Карлос терпеливо сносил издевки и тяжелый характер Фолгейры. Иногда этот субъект напивался и становился еще более грубым и безжалостным, чем обычно. Чтобы снискать расположение своего шефа, Карлос несколько раз приглашал его в таверну пообедать, хотя своей неопрятностью, невоспитанностью и развязностью Паскуаль вызывал к себе отвращение. За столом он хватал лучший кусок, трогал хлеб руками, выбирая помягче, и вытирал пальцы о скатерть. Фолгейру долгое время считали незаменимым и мирились поэтому с его хамским поведением: однако когда администратор дон Бони понял, что на его место можно посадить Карлоса, он весьма любезно отделался от Паскуаля.

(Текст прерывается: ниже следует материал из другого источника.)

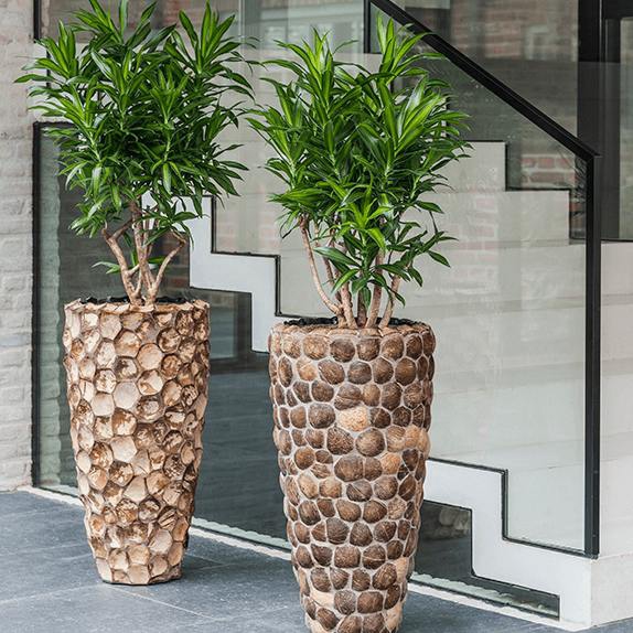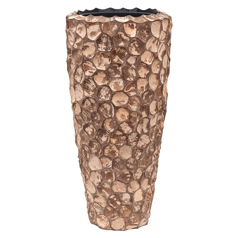 Luxusní květináč Facets Into Coco partner s rozměry 35 x 70 cm je vhodný do interiéru. Dokonalého přírodního designu je dosaženo lepením skořápek kokosu na povrchu, které jsou ručně broušeny. Skelet květináče je z kompozitního materiálu, který zaručí pevnost a lehkost. Květináč Facets má vnitřní odnímatelnou a vodotěsnou vložku. Každý kus je originál.
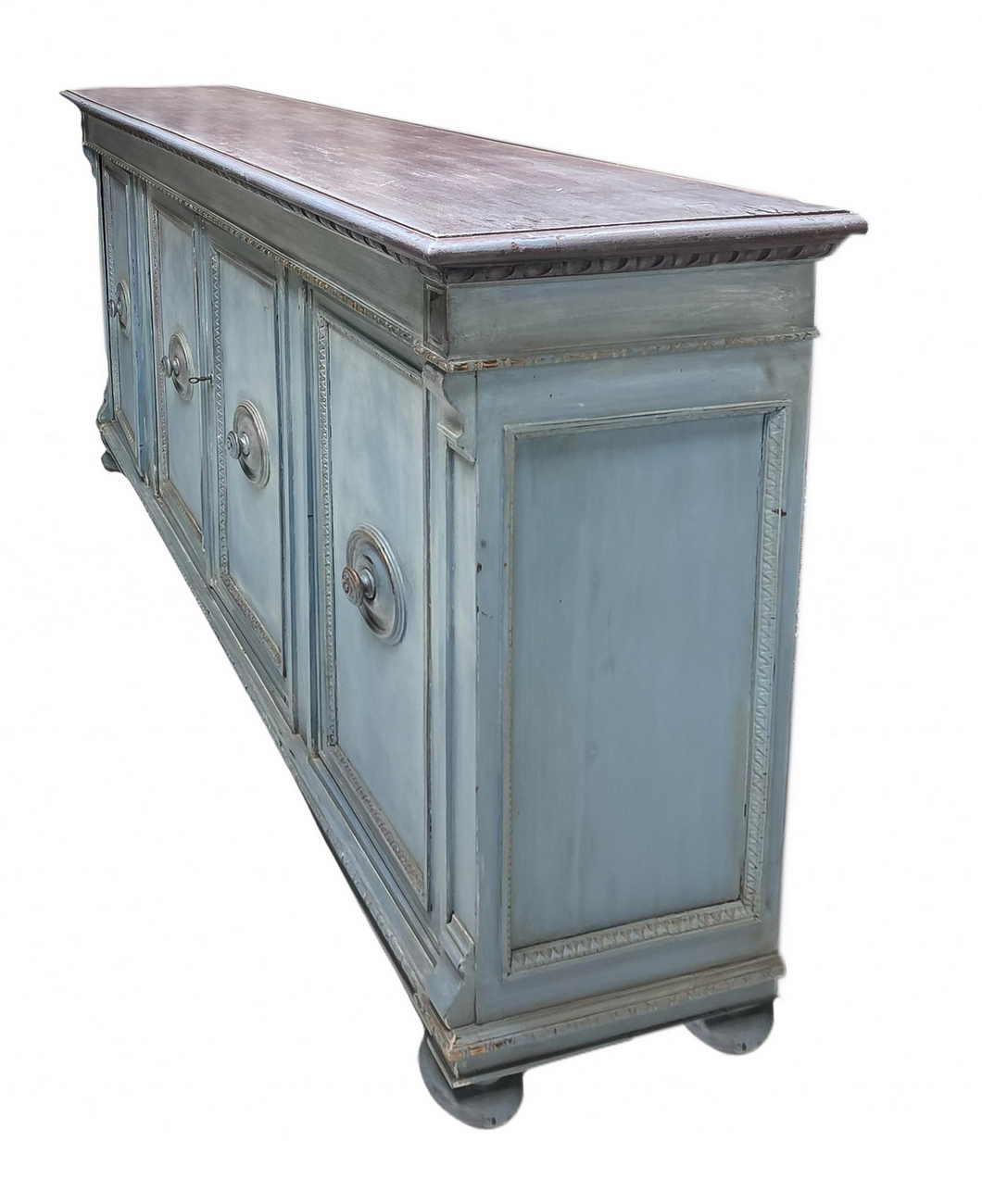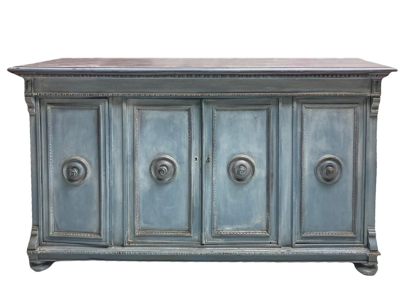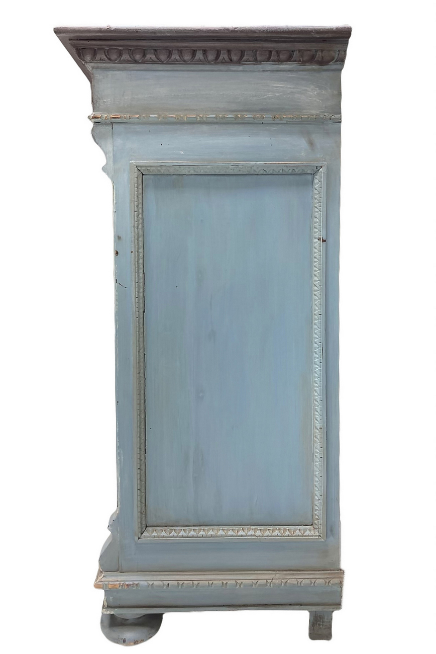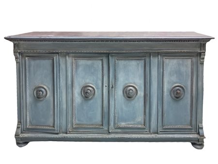 Servante shabby chic laccata in azzurro polvere siciliano su mobile dei primi del XIX secolo. Mobile a quattro ante con
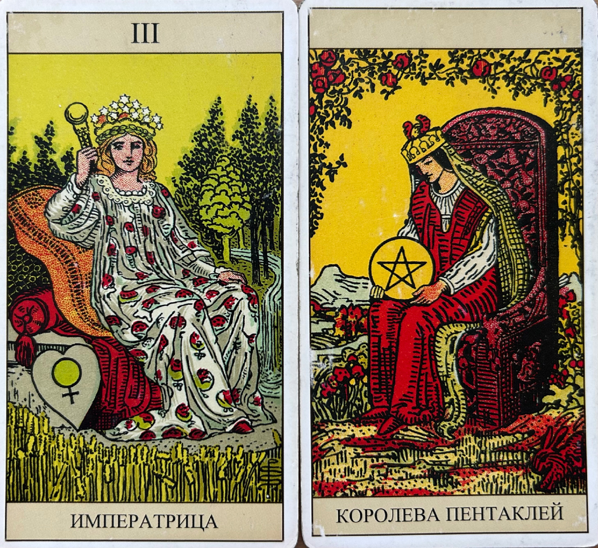 - И Императрица, и Королева Пентаклей — архетипы зрелой, ресурсной женщины, которая знает, как управляться с жизнью, детьми, деньгами и собой.
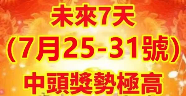 偷偷告訴你:未來7天(7月25 到 31號)中頭獎勢極高的生肖
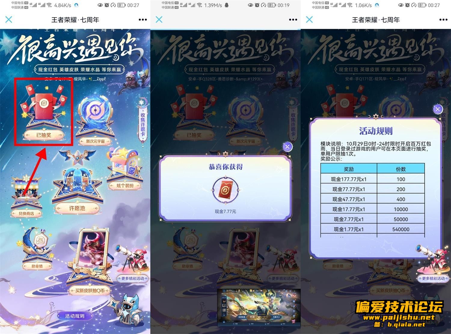 登陆王者荣耀->QQ打开地址->点第一个红包雨抽奖即可->兑换商店做任务集许愿卡还能兑换永久皮肤
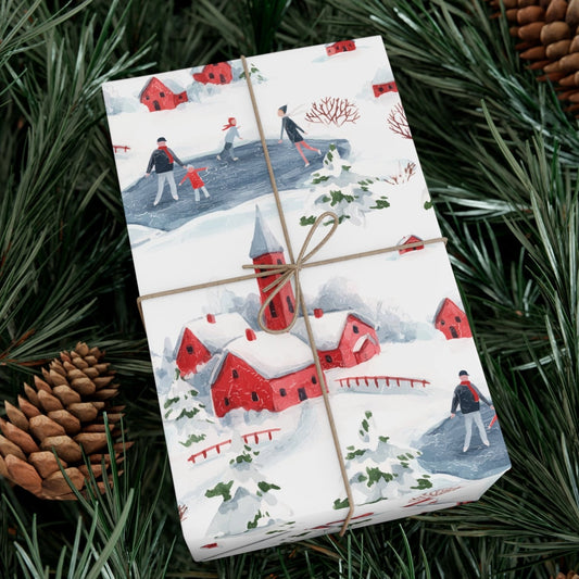 Mittens & Ice Skates Christmas Wrapping Paper, Woodland Christmas Wrapping Paper, Holiday Gift Wrap
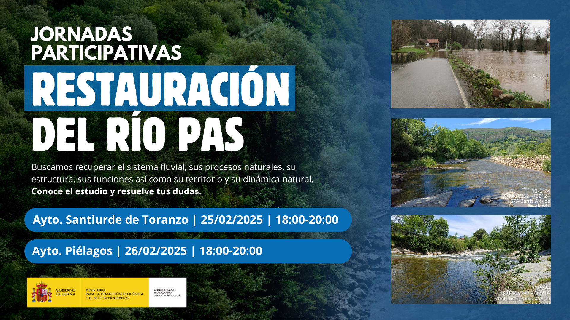 La primera jornada se celebrará en el Ayuntamiento de Santiurde de Toranzo el día 25 de febrero de 18:00 a 20:00 horas, y estará centrada en el tramo alto del río Pas. La segunda sesión se celebrará en el salón de plenos del Ayuntamiento de Piélagos el miércoles 26 de febrero, en el mismo horario, y en esta ocasión se debatirá sobre el tramo bajo del río.
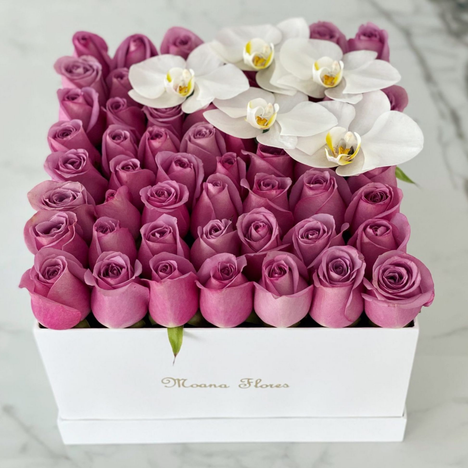 Este sofisticado arreglo combina rosas moradas con orquídeas blancas, elegantemente presentadas en una caja cuadrada blanca. Ideal para transmitir elegancia y frescura, este detalle floral aporta un contraste armonioso y un toque de distinción, perfecto para sorprender en cualquier ocasión especial.

Отныне Эрмида стал получать сорок дуро в месяц. Он находился в редакции с одиннадцати вечера до четырех-пяти часов утра, орудуя унаследованными от Фолгейры карандашами и бечевкой. Домой он возвращался на рассвете. Если возникали трудности с печатанием, Эрмида спешил в типографию, находившуюся на соседней площади. Он уже довольно хорошо разбирался в типографских премудростях: в делах практических у Карлоса хватало сообразительности. Теперь он уже не мог регулярно ходить в налоговое управление, потому что днем должен был спать. Его считали приличным журналистом, исполнительным и серьезным; дон Бони переговорил о нем со своим высоким покровителем, а этот видный политик и владелец «Эль Мундо» замолвил словечко за Карлоса, и того освободили от обязанности сидеть в присутствии, одновременно с этим повысив в должности и введя в штат министерства финансов. На двух службах он зарабатывал восемьдесят дуро в месяц.

X

Донья Антониа решила, что карьера ее сына началась. Оставалось только следить за ней и направлять ее по верному руслу. Нежное деревце надо вовремя подстригать и очищать от ненужных побегов. Энергичная женщина сочла необходимым перебраться с пятого этажа на второй того же дома. Новое жилье стоило восемнадцать дуро в месяц. Семья заняла квартиру, купила в рассрочку кое-какую мебель и обставила гостиную. На почетном месте, прямо над софой, висел портрет деда, бригадного генерала дона Антонио Гонсалеса де Вильялобос, с усами и эспаньолкой. Он служил семейству путеводной звездой, по которой следовало неустанно сверять курс. Лучшие комнаты были отведены под спальню и кабинет молодого Эрмиды. Мать и сестры, в особенности старшая, Аделаида, жили только ради Карлоса и думали лишь о его будущем.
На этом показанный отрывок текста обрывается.